Reply Sun 21 Dec, 2003 05:01 pm
Corporate Warriors: The Rise of the Privatized Military Industry (Cornell Studies in Security Affairs)
by P. W. Singer

Book Description:

In the groundbreaking new book, "Corporate Warriors," Brookings Institution security analyst P. W. Singer explores one of the most interesting, but little understood developments in modern warfare. Over the last decade, a global trade in hired military services has emerged. Known as "privatized military firms" (PMFs), these new businesses range from small consulting firms, who sell the advice of retired generals, to transnational corporations that lease out wings of fighter jets or battalions of commandos.

Such firms number in the hundreds, have an estimated annual revenue of over $100 billion, and presently operate in over fifty countries, including in Afghanistan and Iraq. From recent events in Latin America (where a CMS intelligence-gathering plane was recently lost to Colombian rebels) to the Middle East (the Vinnell firm, which trains the Saudi military, was just struck in the May 2003 Riyadh terrorist bombings), these firms appear in all the world's hotspots and headlines again and again. Yet, until now, no book has opened up this powerful new industry to the public eye.

Even the world's most powerful military has become one of the prime clients of the industry. From 1994-2002, the U.S. Defense Department entered into over 3,000 contracts with U.S.-based firms, estimated at a contract value of more than $300 billion. PMFs, such as Vice President Cheney's old Halliburton and its Brown & Root division now provide the logistics of every major U.S. military deployment. Other firms have even taken over the ROTC programs at over two hundred American universities. That is, private employees now train the U.S. military leaders of tomorrow. With the recent purchase of MPRI (a PMF based in Virginia) by the Fortune-500 corporation L-3, many Americans unknowingly own slices of the industry in their 401-K stock portfolios.

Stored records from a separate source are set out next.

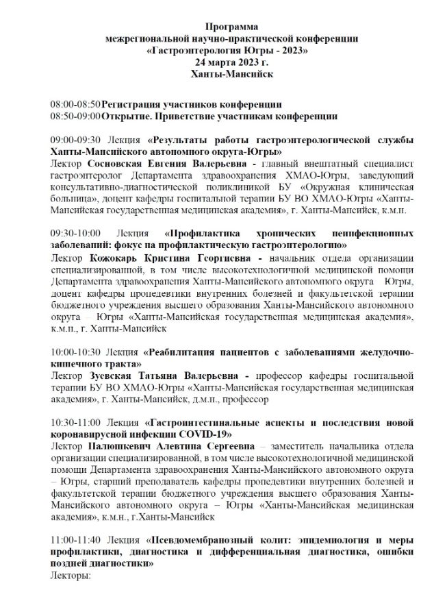 Межрегиональная научно-практическая конференция «Гастроэнтерология Югры - 2023» |
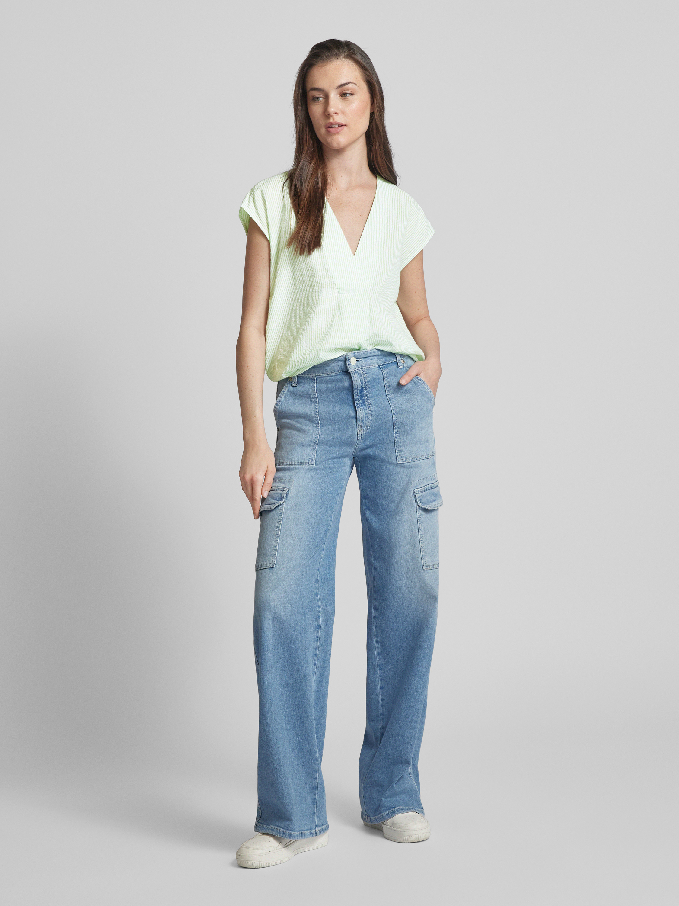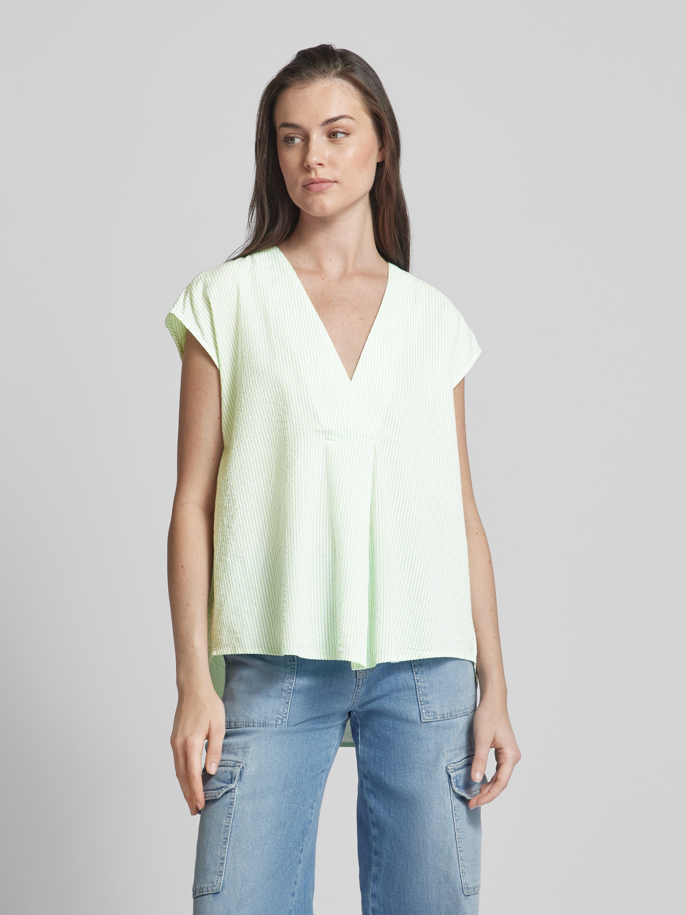 Regular Fit Blusenshirt mit Streifenmuster und V-Ausschnitt in apfel
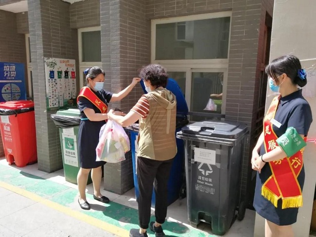 在党建的引领下,在基层社区组织的统筹和指导下,远洋亿家是社区治理体系和垃圾分类工作的重要一环,也正在发挥着联动各方的关键作用。有的项目物业服务中心比较小,资源有限,垃圾分类工作开展难度大,项目就在社区党委的指导帮助下开拓思路,社区和物业工作人员逐户走访动员商户加入志愿服务,充分调动业主和商户参与到垃圾分类中来。有的项目为了推动业主积极参与,就向垃圾投放规范的业主发放“垃圾分类达人”卡券,集齐一定数量就能兑换精美分类垃圾桶一个,也大大激发了居民参与垃圾分类的主动性。
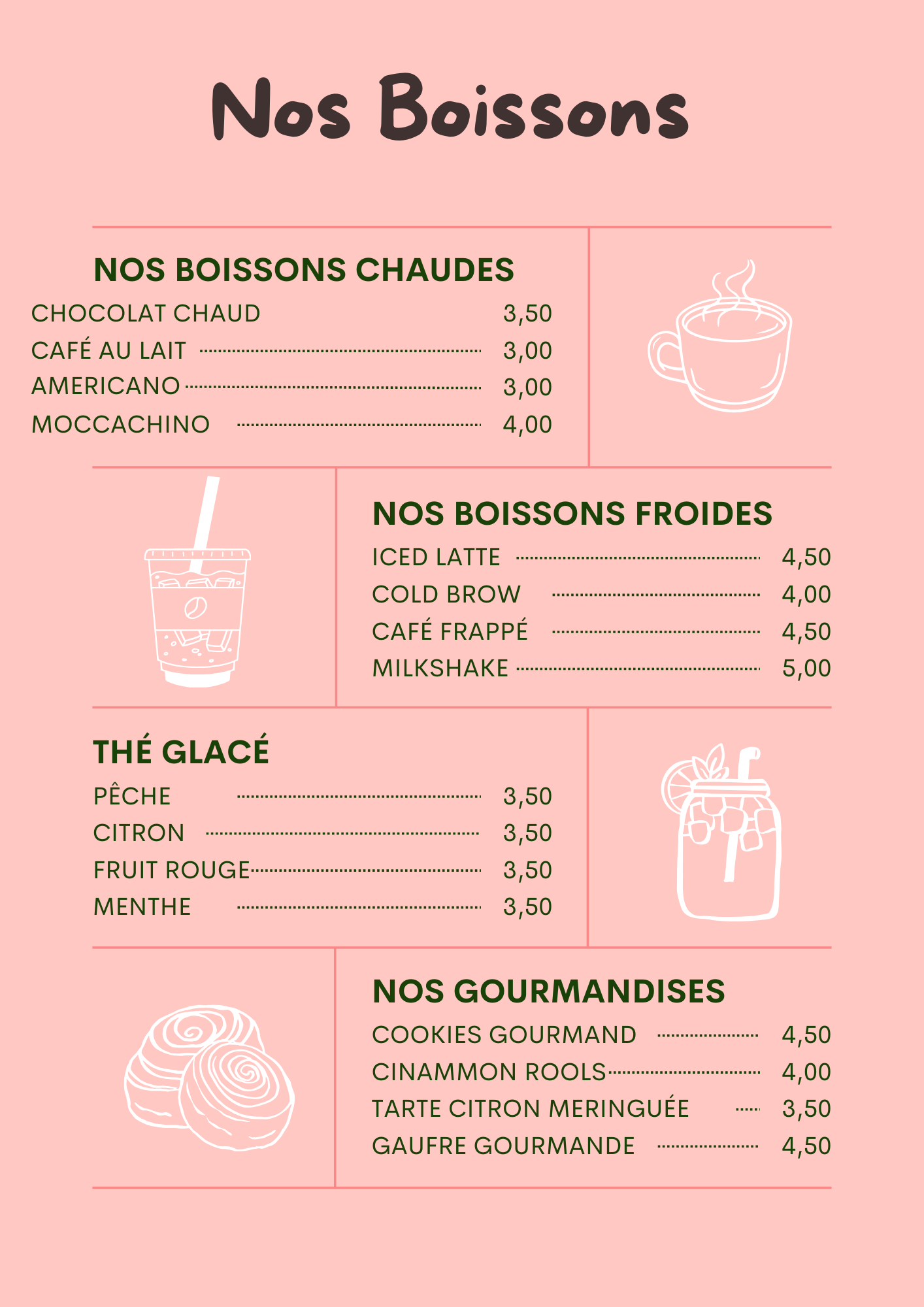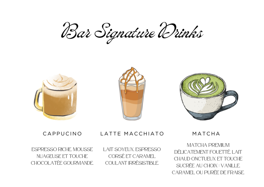 Venez savourer nos incontournables cappuccino, latte macchiato et matcha, ainsi que nos boissons chaudes et froides. Laissez-vous tenter par nos thés glacés et nos gourmandises pour une pause toute en douceur. ☕✨

Perhaps no example better illustrates the industry's growing activity than the recent war against Iraq. Private military employees handled everything from feeding and housing U.S. troops to maintaining sophisticated weapons systems like the B-2 stealth bomber, the F-117 stealth fighter, Global Hawk UAV, U-2 reconnaissance aircraft, and numerous Navy ships.

Indeed, the ratio of private contractors to U.S. military personnel in the Gulf was roughly 1 to 10 (10 times the ratio during the 1991 war). The Economist magazine even termed the conflict "the first privatised war." Private firms will likely play similar roles in the ensuing occupation period. One recent example is the controversial Dyncorp firm, whose employees were implicated in the sex and arms trade in the Balkans, being hired to train the post-Saddam police force.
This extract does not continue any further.